» **TASK GOAL**
As you write out the lines from the one containing "採用防蛀木心板+烤漆五金腳座" through the last line of the records, keep them exact and leave out pictures.
══════
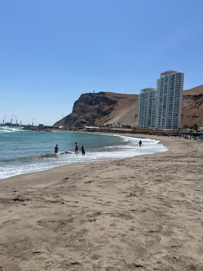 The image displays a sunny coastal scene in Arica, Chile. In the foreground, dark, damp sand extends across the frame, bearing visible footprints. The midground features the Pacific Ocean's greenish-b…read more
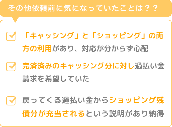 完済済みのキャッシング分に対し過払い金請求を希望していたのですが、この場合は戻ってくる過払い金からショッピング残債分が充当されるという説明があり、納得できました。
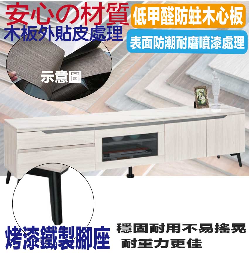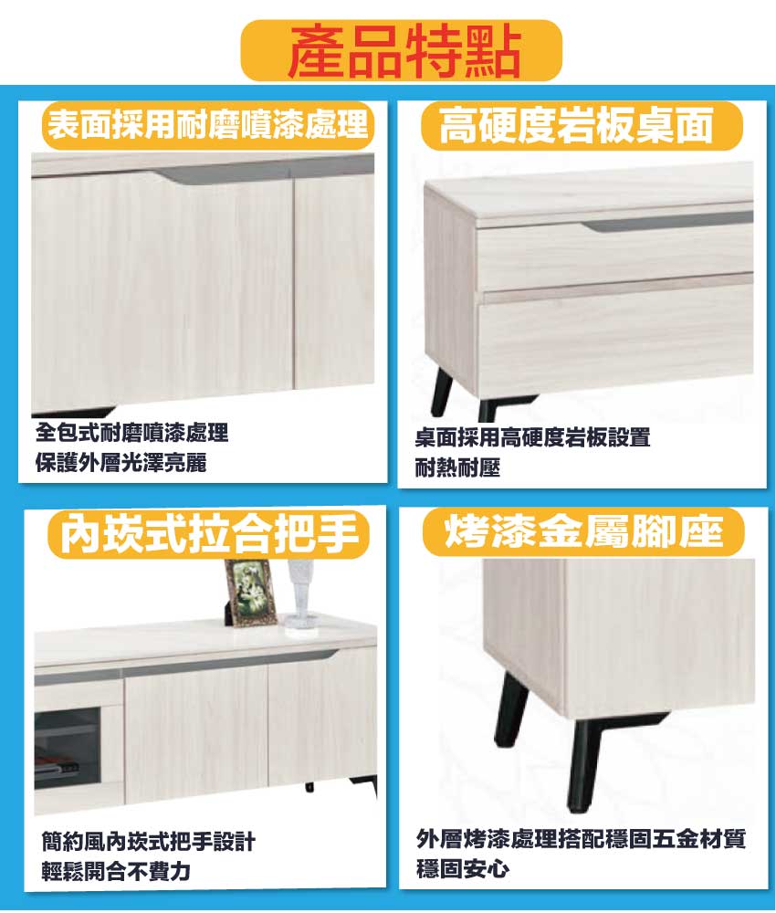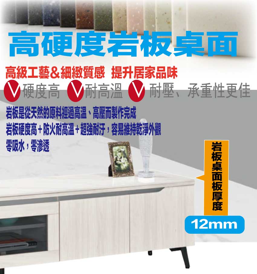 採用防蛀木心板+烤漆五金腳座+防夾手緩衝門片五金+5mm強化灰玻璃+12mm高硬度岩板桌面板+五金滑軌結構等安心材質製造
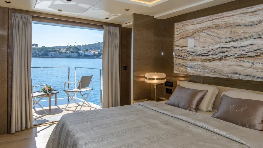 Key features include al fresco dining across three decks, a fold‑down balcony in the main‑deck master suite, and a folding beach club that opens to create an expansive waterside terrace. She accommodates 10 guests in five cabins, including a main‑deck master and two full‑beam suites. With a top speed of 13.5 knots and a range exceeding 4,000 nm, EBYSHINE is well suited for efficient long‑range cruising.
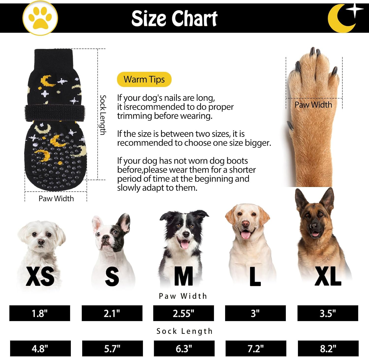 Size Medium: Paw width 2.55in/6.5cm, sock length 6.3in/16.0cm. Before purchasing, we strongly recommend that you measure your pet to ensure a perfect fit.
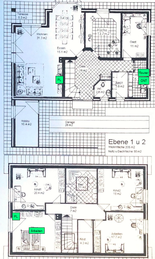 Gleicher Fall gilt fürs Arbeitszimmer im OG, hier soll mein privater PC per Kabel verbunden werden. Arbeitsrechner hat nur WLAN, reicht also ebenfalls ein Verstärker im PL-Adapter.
══════
» **OUTPUT**
 採用防蛀木心板+烤漆五金腳座+防夾手緩衝門片五金+5mm強化灰玻璃+12mm高硬度岩板桌面板+五金滑軌結構等安心材質製造
 Key features include al fresco dining across three decks, a fold‑down balcony in the main‑deck master suite, and a folding beach club that opens to create an expansive waterside terrace. She accommodates 10 guests in five cabins, including a main‑deck master and two full‑beam suites. With a top speed of 13.5 knots and a range exceeding 4,000 nm, EBYSHINE is well suited for efficient long‑range cruising.
 Size Medium: Paw width 2.55in/6.5cm, sock length 6.3in/16.0cm. Before purchasing, we strongly recommend that you measure your pet to ensure a perfect fit.
 Gleicher Fall gilt fürs Arbeitszimmer im OG, hier soll mein privater PC per Kabel verbunden werden. Arbeitsrechner hat nur WLAN, reicht also ebenfalls ein Verstärker im PL-Adapter.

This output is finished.